GOAL OF THE EXERCISE: Please transcribe the data that follows exactly as given, leaving out every picture.

ENTRIES SUPPLIED:
"""
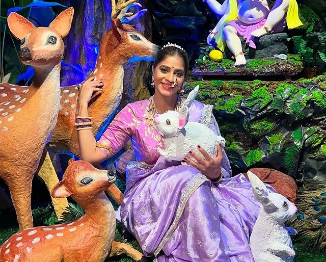 PHOTO: 'हिरवा निसर्ग, हरिण, ससे अन्...' लाडक्या बाप्पासाठी अभिनेत्रीने केला जंगलाचा खास देखावा
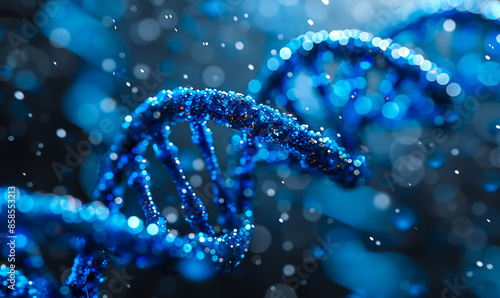 Macro View of Human DNA Helix Under Microscope in Blue Tone, Detailed Chromosomes Close-Up, Molecular Biology and Genetic Research Concept
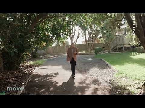 Outdoors, the sloping section is perfect for kids, with established trees providing shade, while the deck and porch create easy spaces to relax. A single garage sits beneath the home, along with off-street parking.
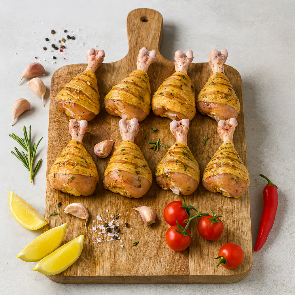 Marinated chicken drumsticks are pre-seasoned with a balanced marinade. This preparation allows the meat to absorb the flavors, resulting in a richer taste and an even juicier texture after cooking.
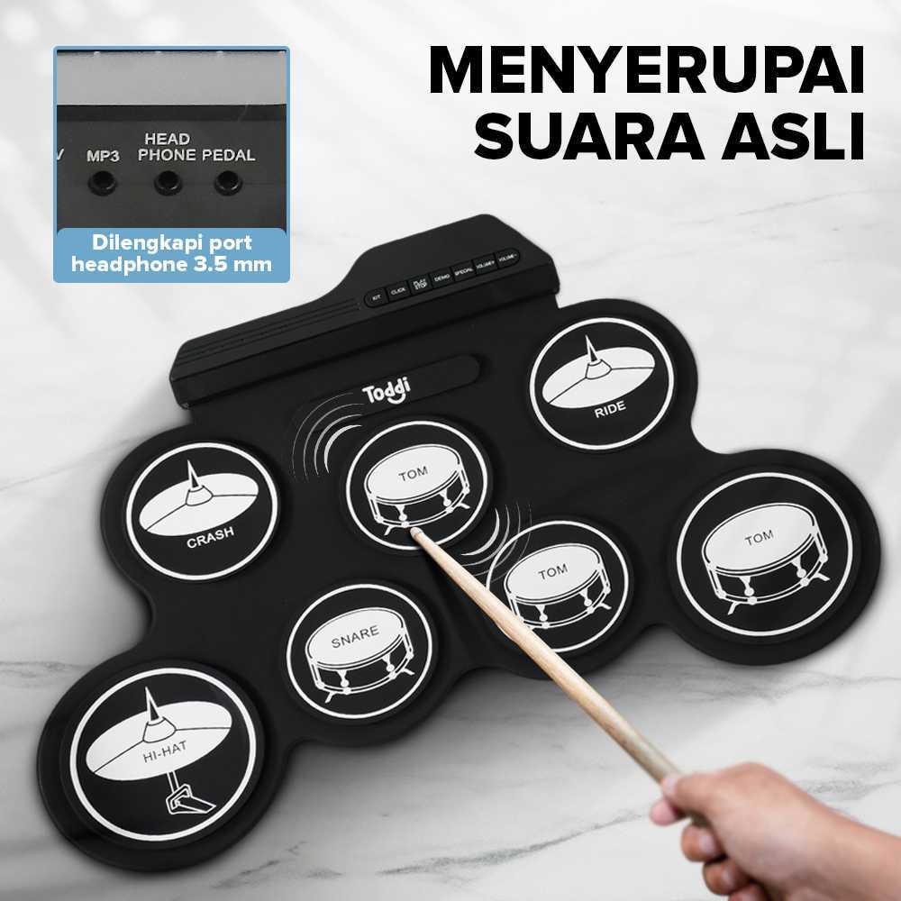 Toddi Electronic Digital Drum Kit 7 Pads Folding USB Power Portable Drum Elektrik Belajar G3002
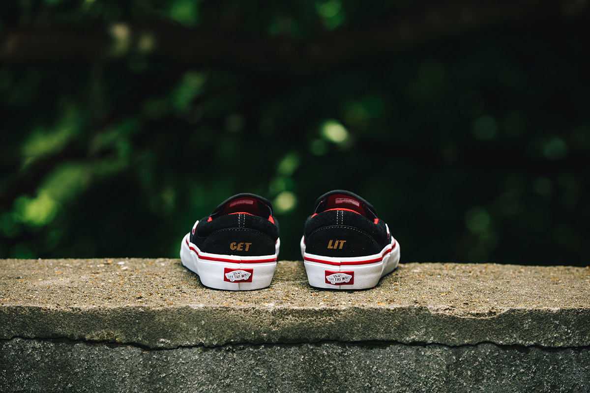 A simple yet eye catching palette of black, red, and white reflects the colours synonymous with both brands, and with dashes of gold topping the model, along with Spitfire’s iconic ‘Bighead’ logo emblazoned onto the shoe’s tongue, this is an aesthetic take on one of the most beloved silhouettes in all of skateboarding. The shoe also subtly incorporates Spitfire’s ‘Swirl’ graphic onto the toe bumper’s tread with the same graphic plastered onto the shoe’s comfortable and supportive Ultracush insole. Finally, the heel panel of the shoe boasts ‘GET LIT’ referencing Spitfire’s devotion to ‘Keeping The Underground Lit’.
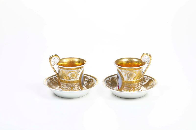 Coppia di tazze con piattino Russia, Verbilki (Mosca), Manifattura Gardner, 1810 circa
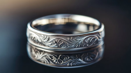 A stunning closeup of a silver ring featuring an intricate leaf pattern, showcasing exceptional craftsmanship and reflective characteristics, ideal for fashion and weddings.
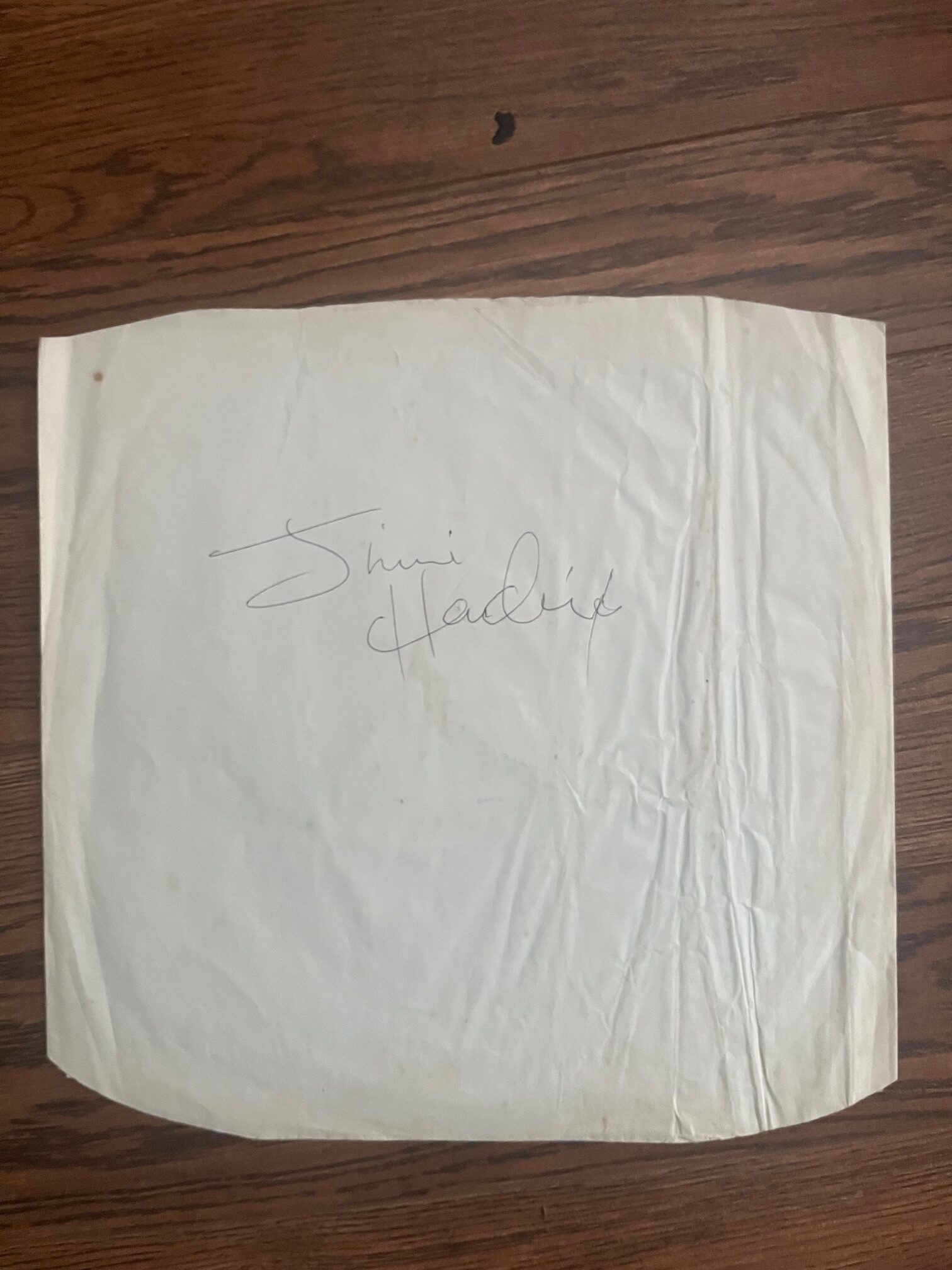 A vinyl record sleeve, autographed by Jimi Hendrix. Autograph has good shape, handwriting is okay and contrasts well with other known genuine examples.
"""
RESPONSE TO THE EXERCISE:
 PHOTO: 'हिरवा निसर्ग, हरिण, ससे अन्...' लाडक्या बाप्पासाठी अभिनेत्रीने केला जंगलाचा खास देखावा
 Macro View of Human DNA Helix Under Microscope in Blue Tone, Detailed Chromosomes Close-Up, Molecular Biology and Genetic Research Concept
 Outdoors, the sloping section is perfect for kids, with established trees providing shade, while the deck and porch create easy spaces to relax. A single garage sits beneath the home, along with off-street parking.
 Marinated chicken drumsticks are pre-seasoned with a balanced marinade. This preparation allows the meat to absorb the flavors, resulting in a richer taste and an even juicier texture after cooking.
 Toddi Electronic Digital Drum Kit 7 Pads Folding USB Power Portable Drum Elektrik Belajar G3002
 A simple yet eye catching palette of black, red, and white reflects the colours synonymous with both brands, and with dashes of gold topping the model, along with Spitfire’s iconic ‘Bighead’ logo emblazoned onto the shoe’s tongue, this is an aesthetic take on one of the most beloved silhouettes in all of skateboarding. The shoe also subtly incorporates Spitfire’s ‘Swirl’ graphic onto the toe bumper’s tread with the same graphic plastered onto the shoe’s comfortable and supportive Ultracush insole. Finally, the heel panel of the shoe boasts ‘GET LIT’ referencing Spitfire’s devotion to ‘Keeping The Underground Lit’.
 Coppia di tazze con piattino Russia, Verbilki (Mosca), Manifattura Gardner, 1810 circa
 A stunning closeup of a silver ring featuring an intricate leaf pattern, showcasing exceptional craftsmanship and reflective characteristics, ideal for fashion and weddings.
 A vinyl record sleeve, autographed by Jimi Hendrix. Autograph has good shape, handwriting is okay and contrasts well with other known genuine examples.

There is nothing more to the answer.